Tesco: la multicanalità passa da un tablet

Il retailer britannico presenta un proprio tablet con il quale rafforza l’ingaggio sui suoi clienti. Tecnologie Oracle e tanto social.

San Francisco – È sicuramente una delle aziende che per prime e meglio sta implementando il passaggio alla social enterprise.
Per questo motivo a Tesco spetta uno spazio speciale in occasione di Oracle Openworld.
Presente sul palco in occasione dei general keynotes, padrone di casa in un workshop decisamente affollato, spesso citato nelle referenze, il gigante britannico della distribuzione non si è lasciata scappare l’occasione di presentare alla platea internazionale di San Francisco la sua ultima novità: Hudl.

Definirlo tablet è, enlla visione della società, probabilmente limitativo e rischia di ridurre Tesco al rango di ”uno tra i tanti”.
Ma Hudl non è semplicemente un tablet Android brandizzato da Tesco; è piuttosto il frutto di una nuova strategia di ingaggio sui clienti e di integrazione con strumenti social.
Tecnicamente Hudl, che viene proposto ai 20 milioni di client Tesco a un prezzo di 119 sterline, è un tablet con processore quadcore da 1,5 GHz, con display ad alta definizione 7” 1440 x 900 HD, batteria da 9 ore, 16 Gb di memoria espandibili a 48.
Prodotto in Cina da un fornitore che produce per Microsoft, Hp, BlackBerry e Sony, Hudl è basato su Android Jellybean 4.2.2, dunque abilitato ad accedere a tutte le proposte di Google Apps Marketplace, ed è stato personalizzato da Tesco perché rappresenti una vera porta di ingresso ai suoi servizi digitali, che includono video, film, con proposte gratuite ed esclusive per i possessori di carte fedeltà, servizi finanziari, oltre naturalmente ai servizi di shopping per tutte le categorie merceologiche.

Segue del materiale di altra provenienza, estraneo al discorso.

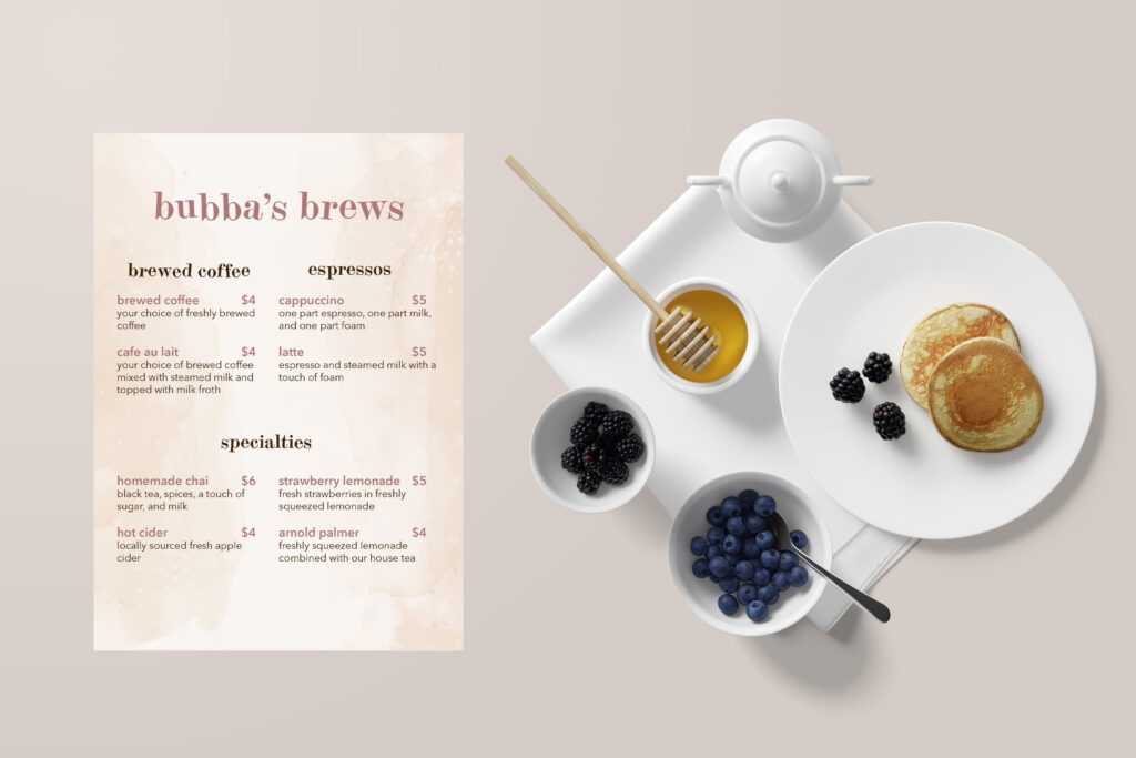 Featured is a menu created for Bubba’s Brews, coffee shop developed for a graphic design course.
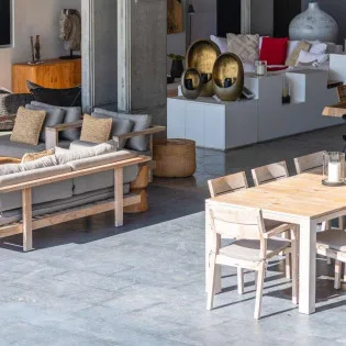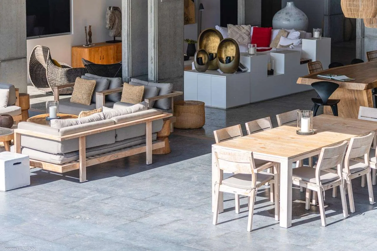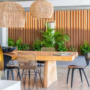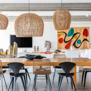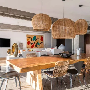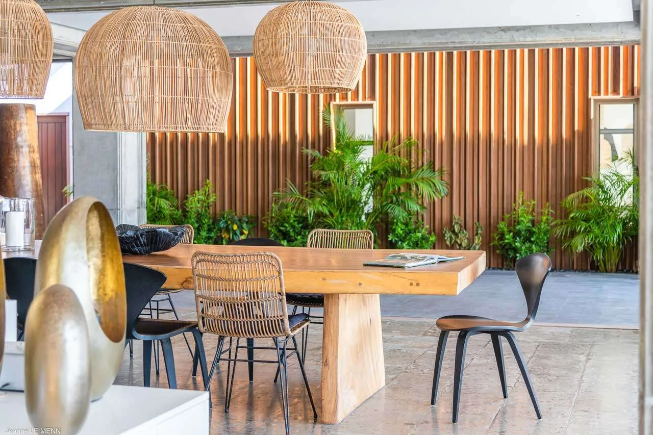 The indoor dining table is elegant, made from beautiful wood, and with large, woven light fixtures overhead. Rustic, luxurious, and contemporary, it’s a fabulous setting for meals with family and friends.

Per Tesco il nuovo tablet è un tassello importante di una strategia multicanale che vuole incoraggiare i clienti a effettuare i loro acquisti come e dove vogliono, anche in mobilità.
Strategia che, si sottolinea a Openworld, è supportata dalle tecnologie e dallo stack Oracle.
E questa è la differenza sostanziale che il retailer vuole sottolineare tra la sua proposta e i tanti tablet low cost che affollano gli scaffali della grande distribuzione.